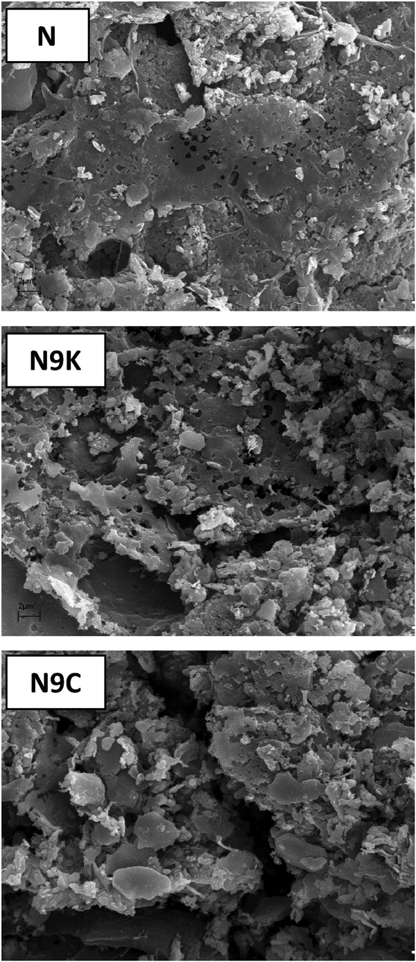 活性炭和經(jīng)改性后獲得的樣品的化學(xué)成分。兩種修飾均導(dǎo)致灰分含量以及結(jié)構(gòu)中特定元素的變化,其中這些變化對N9K樣品而言更大。起始活性炭(N)暴露于碳酸鉀會導(dǎo)致礦物質(zhì)(灰分)的顯著下降,同時(shí)氫含量下降兩倍(可能是碳結(jié)構(gòu)芳構(gòu)化的結(jié)果)由于活性炭顆粒的表面氧化,增加了氧氣量。還值得注意的是,灰分含量比在CO 2中退火的N9C樣品低了近10倍。大氣層。N9K中的灰分很可能是由于活化后將其用5%的鹽酸溶液洗滌而導(dǎo)致的。圖1所示的SEM圖像也證實(shí)了各個(gè)活性炭的質(zhì)地和形態(tài)多樣性?梢钥闯,根據(jù)制備程序,樣品在尺寸,形狀以及孔的數(shù)量或排列方面存在顯著差異。特別是在活性炭和N9C樣品中可以觀察到的較亮片段可能是其結(jié)構(gòu)中存在灰分(礦物質(zhì))的結(jié)果。
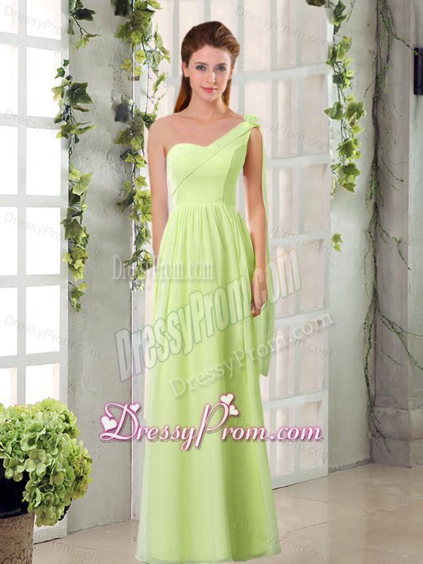 Neckline : One shoulderShown Color : ChampagneSilhouette : EmpireSleeve Length : sleevelessHemline : floor lengthBack Detail : ZipperFabric : ChiffonEmbellishment : RuchingOccasion : Prom,Sweet 16,QuinceaneraSeason : Spring,Summer,Fall,Winter
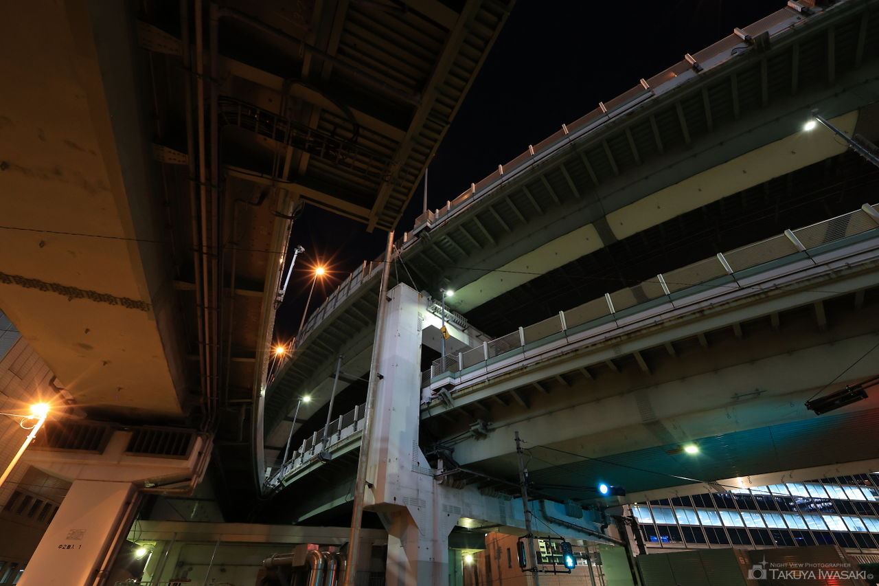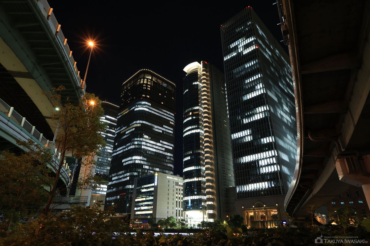 阪神高速中之島料金所の真下付近にある通りからは、中之島の高層ビル群を見渡せます。ジャンクションほどの規模感はありませんが、阪神高速道路も見上げて観賞できるため、撮影スポットとしても良さそうです。
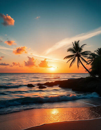 A stunning sunrise over a tropical beach, with gentle waves and palm trees silhouetted against a colorful sky, evoking tranquility.

> _Exercise aim_: An exact transcript is required, covering the lines from the one containing "阪神高速中之島料金所の真下付" through the end of the listing above, inclusive, without pictures.

> _Response to this task_:
 阪神高速中之島料金所の真下付近にある通りからは、中之島の高層ビル群を見渡せます。ジャンクションほどの規模感はありませんが、阪神高速道路も見上げて観賞できるため、撮影スポットとしても良さそうです。
 A stunning sunrise over a tropical beach, with gentle waves and palm trees silhouetted against a colorful sky, evoking tranquility.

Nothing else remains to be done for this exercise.